It's been relatively quiet so far this winter on the front lines of the battle over Yellowstone National Park's bison and their migratory desires.

That's not to diminish the problem. After all, last winter roughly one-third of the park's bison were killed over concerns that they might spread brucellosis to livestock, mostly in Montana. While various groups continue to search for a long-standing solution to this dilemma, some researchers at the University of California, Santa Cruz, believe they have the most cost-effective answer.

"There are more cost-effective management solutions than the current approach, which has been highly controversial," says Marm Kilpatrick, assistant professor of ecology and evolutionary biology at the university and lead author of the study released today.

The alternatives suggested by the study, such as buying grazing rights from cattle ranchers in a few areas around the park or testing all cattle within a special zone around the park, are not new ideas. But Mr.
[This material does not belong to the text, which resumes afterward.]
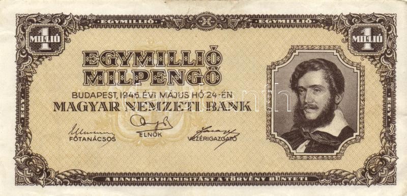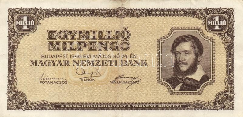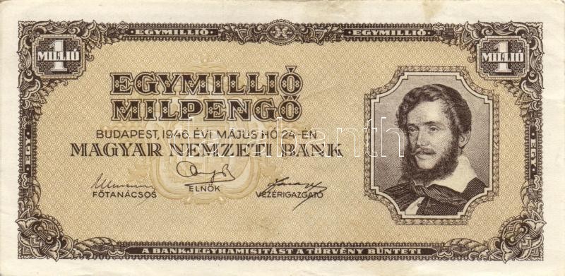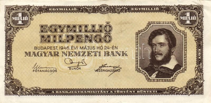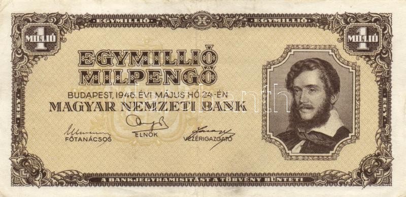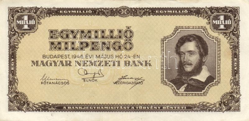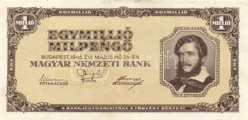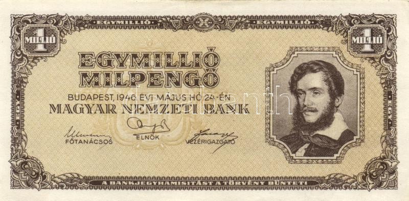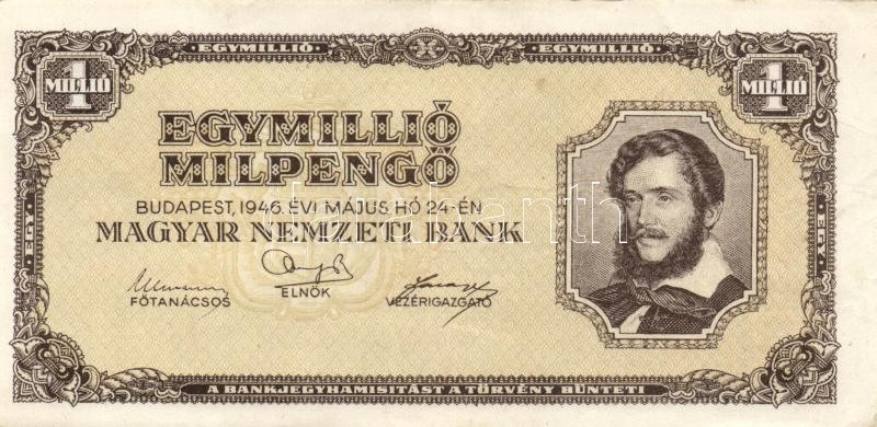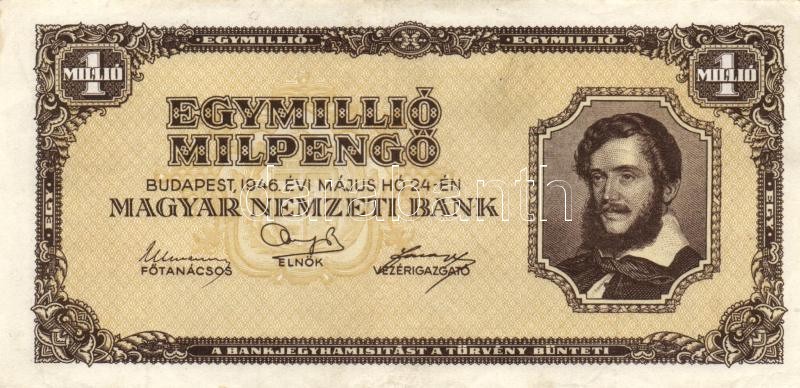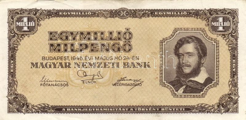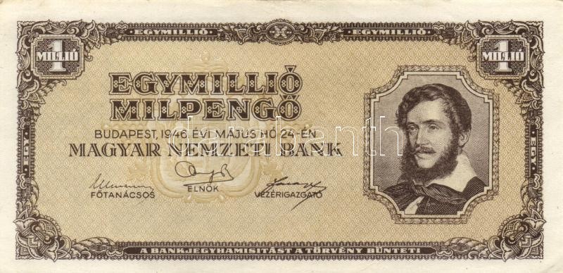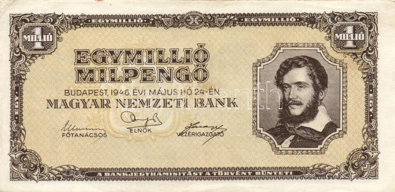 1946. 1.000.000MP (14x) T:II,II- https://www.darabanth.com/de/155-Fernauktion/155.0/Numismatik/Ungarische-Banknoten~5000346/1946-1000000MP-14x-TII-II-~II481401

Kilpatrick said his group's quantitative risk assessment highlights the substantial benefits of these strategies, as well as their consequences.

Working with Colin Gillin of the Oregon Department of Fish and Wildlife and Peter Daszak of the Consortium for Conservation Medicine in New York, Mr. Kilpatrick developed a quantitative risk assessment model for the transmission of brucellosis from bison to cattle in the Yellowstone area. Brucellosis is a bacterial disease that causes weight loss, spontaneous abortion, and reduced milk production in cattle. It is considered a major threat to the cattle industry, which has achieved "brucellosis-free" status in most states after an intensive effort by the U.S. Department of Agriculture.
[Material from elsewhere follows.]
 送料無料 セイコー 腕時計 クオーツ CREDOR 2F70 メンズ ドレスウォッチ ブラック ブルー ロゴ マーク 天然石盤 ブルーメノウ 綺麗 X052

It's widely held that the Yellowstone bison herd probably became infected from cattle that grazed in the park a century ago. Now, cattle ranchers want to keep the bison confined to the park. During severe winters, however, when heavy snow or ice covers Yellowstone's grasslands, many bison move outside the park's boundaries to graze at lower elevations.

To keep bison away from areas where cattle graze, state and federal agencies try to herd the bison back into the park by "hazing" them with helicopters, horses, and snowmobiles. When that fails, the bison may be shot or rounded up, sometimes tested, and shipped to slaughterhouses.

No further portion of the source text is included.